Расул шёл впереди. Сухие ветки хрустели под его ногами — лапищами, как называла их мать, превращаясь в кусочки пазлов. «Собери сумрачный лес сам», — ухмыльнулся Расул. Даша и Илья плелись следом.

Они оставили старенький «ниссан» — единственную полезную вещь из наследства двойняшек — на размытой дороге, к которой вела «ягодная тропинка». Ягодной её нарекла Даша за кусты земляники, каймой огибавшей тропинку. Кто знал, что таких «ягодных» в лесу с десяток.
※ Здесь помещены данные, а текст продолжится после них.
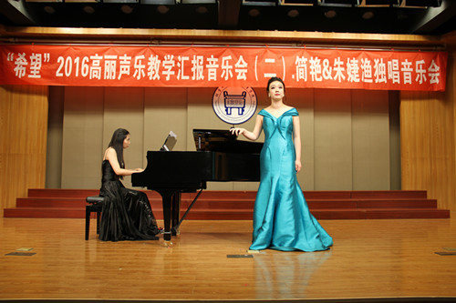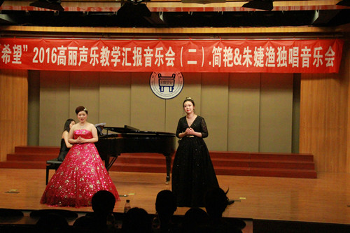 本场音乐会以“希望”为主题,不仅对两位学生在三年来努力学习的成果做出了汇报,更展示了高丽声乐教学的成果——高丽的学生在国内外各类比赛中获奖,并在今年的毕业班中,高丽的两位2012级学生,分别考取了天津音乐p站

— Сеть не ловит, — ныла Даша.
Запах хвои щекотал ноздри. Расул смачно чихнул и вытер нос рукавом кожаной куртки. Здоровья, как водится в их семье, никто не пожелал.
— Да, — подтвердил Илья, нажав на кнопку смартфона. — И чего тебе дома не сиделось? — он набросился с упрёками на брата. — Притащил нас чёрт-те куда, а теперь вывести обратно не может!

Расул молчал. Голос матери, звучавший по обыкновению в голове, когда терпение подходило к концу, напомнил, что двойняшки ещё не оправились от смерти отца. «Год прошёл», — возразил его собственный.
— Кому вообще нужны эти грибы? — поддакнула Даша.
«Вам нужны! Вы — любители собирать в лесу то, что потом не жрёте!».
Расул посмотрел на мутное небо. Облака выстраивались в причудливые фигуры. Вот слон, держащий на кончике хобота мяч. Кошка, развалившаяся пушистым пузом кверху. Волк, разинувший пасть, в которую угодил…
Илья дёрнул подол кожанки.
— Я не собираюсь ночевать в лесу из-за чернож…, — он осёкся.
Расул обернулся.
— Давай, договаривай, — приказал он брату.
— Приёмыш, — прошипел Илья и уткнулся в смартфон.

Они продолжили путь молча.
Тишину нарушила Даша, когда «ягодная тропинка» привела их к пню, на котором Расул выцарапал крест — знак, что тут они уже были.
— Мы ходим кругами! Мы умрём в этом лесу! — она плюхнулась на пень, готовая разрыдаться. Илья примостился за её спиной, исподлобья поглядывая то на Расула, то на экран бесполезного телефона.
— Зарядка села, — сообщил он.
— Сделай же что-нибудь! — крикнула Даша.
— Да что я сделаю-то? — возмутился Илья.
— Да не ты! Он! — она ткнула пальцем в Расула и заревела.
Расул спрятал замёрзшие руки в карманы куртки. Театральность сестры раздражала.
— Пока твой зад слипается с пнём, я ничего не могу сделать. «Дорогу осилит идущий» — слышала такое выражение? Мы не выйдем из леса, если ты будешь лить сопли, а Илюша их подбирать.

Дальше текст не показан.